Description of the information displayed by the default output:

Procs
r: The number of running and waiting (CPU time slice) running processes. This value can also be used to determine whether the CPU needs to be increased (long-term greater than 1)
b: The number of processes in an uninterruptible state. Common situations are caused by IO.
Memory
swpd: Switch to memory on swap memory (default in KB). If the value of swpd is not 0, or is relatively large, such as more than 100M, but the values of si and so have been 0 for a long time, we don't need to worry about this situation, and it will not affect system performance.
free: free physical memory
buff: used as buffer cache memory, buffering the reading and writing of block devices
cache: memory as page cache, file system cache. If the cache value is large, it means that there are many files in the cache. If frequently accessed files can be cached, the read IO bi of the disk will be very small.
Swap
si: Swap memory usage, transferred into memory from disk
so: Swap memory usage, transfer from memory to disk
When there is enough memory, these two values are both 0. If these two values are greater than 0 for a long time, system performance will be affected. Disk IO and CPU resources will be consumed.
I found that some friends think that the memory is not enough when they see that the free memory (free) is very small or close to 0. In fact, you cannot just look at this, but also combine si and so. If there is very little free, but si, There are also very few so (mostly 0), so don't worry, the system performance will not be affected at this time.
Disk IO
bi: The total amount of data read from the block device (read disk) (KB/s)
bo: The total amount of data written to the block device (write to disk) (KB/s)
Note: When reading and writing random disks, the larger the two values are (such as exceeding 1M), the larger the value that the CPU is waiting for in IO will be seen.
System
in: Number of interrupts generated per second
cs: number of context switches per second
The larger the above two values are, the more CPU time you will see consumed by the kernel.
CPU
usr: The percentage of CPU time consumed by the user process
When the value of us is relatively high, it means that the user process consumes a lot of CPU time, but if it exceeds 50% usage for a long time, then we should consider optimizing the program algorithm or speeding up (such as PHP/Perl)
sys: Percentage of CPU time consumed by the kernel process
When the value of sys is high, it means that the system kernel consumes a lot of CPU resources. This is not a benign performance and we should check the reason.
wai: Percentage of CPU time consumed by IO waiting
When the value of wa is high, it means that the IO waiting is serious. This may be caused by a large number of random accesses on the disk, or it may be a bottleneck (block operation) in the bandwidth of the disk.
idl: Percentage of time the CPU is in idle state

7. Summary

For the above commands, some of them come with the Linux system and you can execute them directly. Some are third-party commands, but most of them can be installed directly through Yum install xxx or apt-get intall xxx to install . Although these commands are small, they will be particularly useful when problems arise on our servers.

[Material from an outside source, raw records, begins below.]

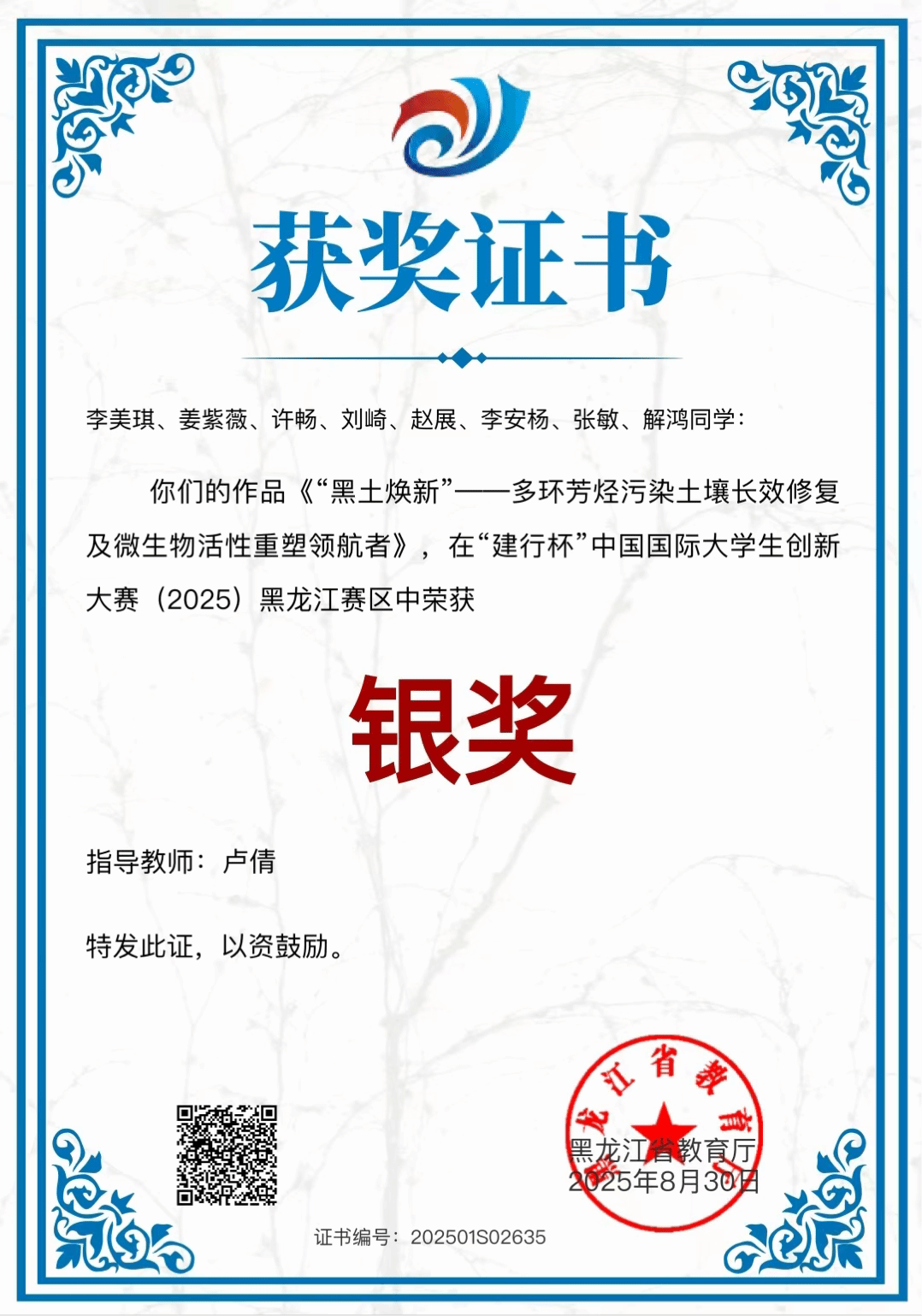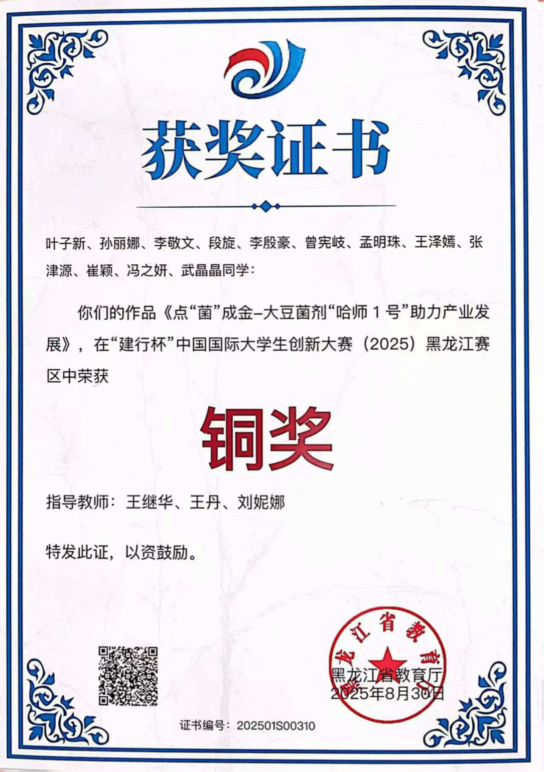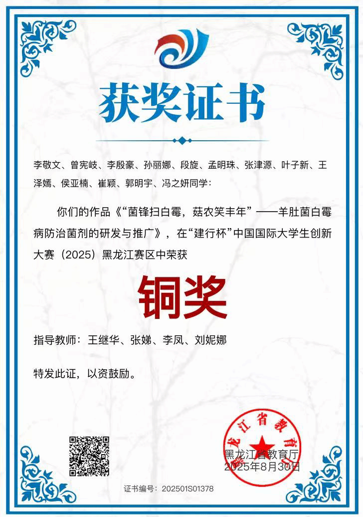 在中国国际大学生创新大赛(黑龙江赛区)赛事中,我院学子荣获省级银奖3项、省级铜奖6项!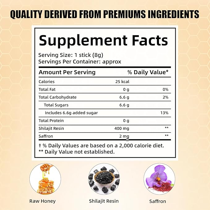 - Pure Himalayan Shilajit:The honey sticks made from pure shilajit sourced from the Himalayas, rich in over 85 minerals and fulvic acid, which helps boost energy and vitality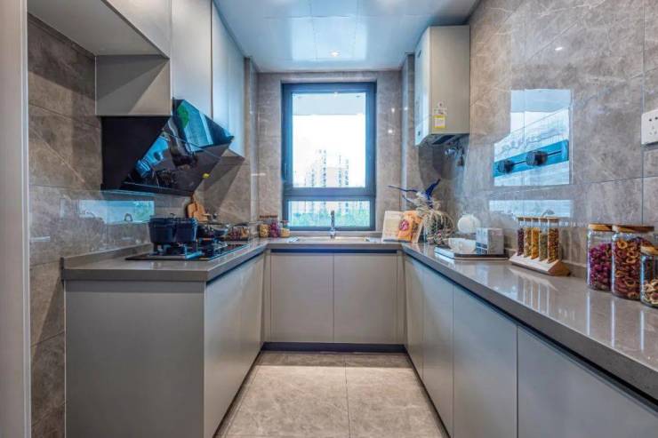 U型厨房人性化布局,洗涤区、烹饪区等空间功能划分明确,让洗切炒一气呵成。在为操作提供便利的同时,也带来温馨的烹煮日常。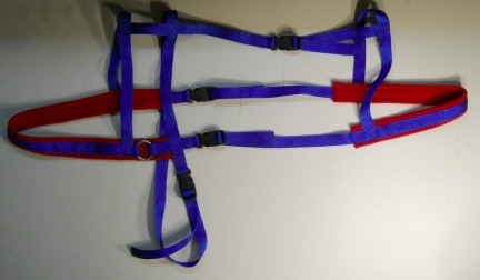 Goat Harness Facts: Webbing: BLUE Polly Webbing Padding: RED Polar Fleece Rings: Heavy Weight Welded Metal Buckles: Quick Release Heavy Weight High Impact Plastic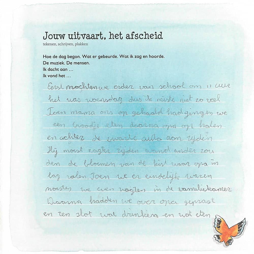 In een werkboekje kunnen kinderen al schrijvend en tekenend hun gedachten en gevoelens uiten. Ongemerkt ontstaat zo tevens een mooie, tastbare herinnering aan de overleden persoon.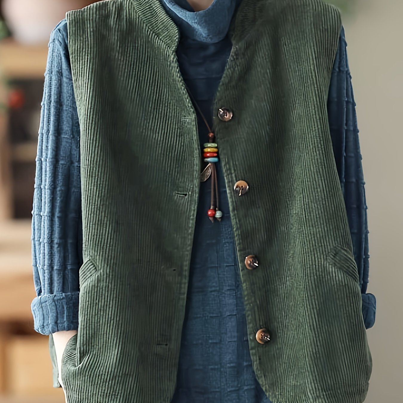TEMU 여성용 빈티지 민소매 조끼, 앞면 포켓 포함 - 캐주얼 더블 포켓 디자인, 봄 & 가을용 브라운 V넥 스웨터 조끼, 캐주얼 의상 | 레트로 스타일

To troubleshoot server problems, we generally need to combine multiple indicators for comprehensive analysis and judgment. For example, if you suspect that there is a problem with the IO reading and writing of the VPS host, you can use iotop to check the real-time speed of reading and writing, and use the top command to check which processes occupy the CPU and memory. In this way, you can get the correct result by combining multiple data.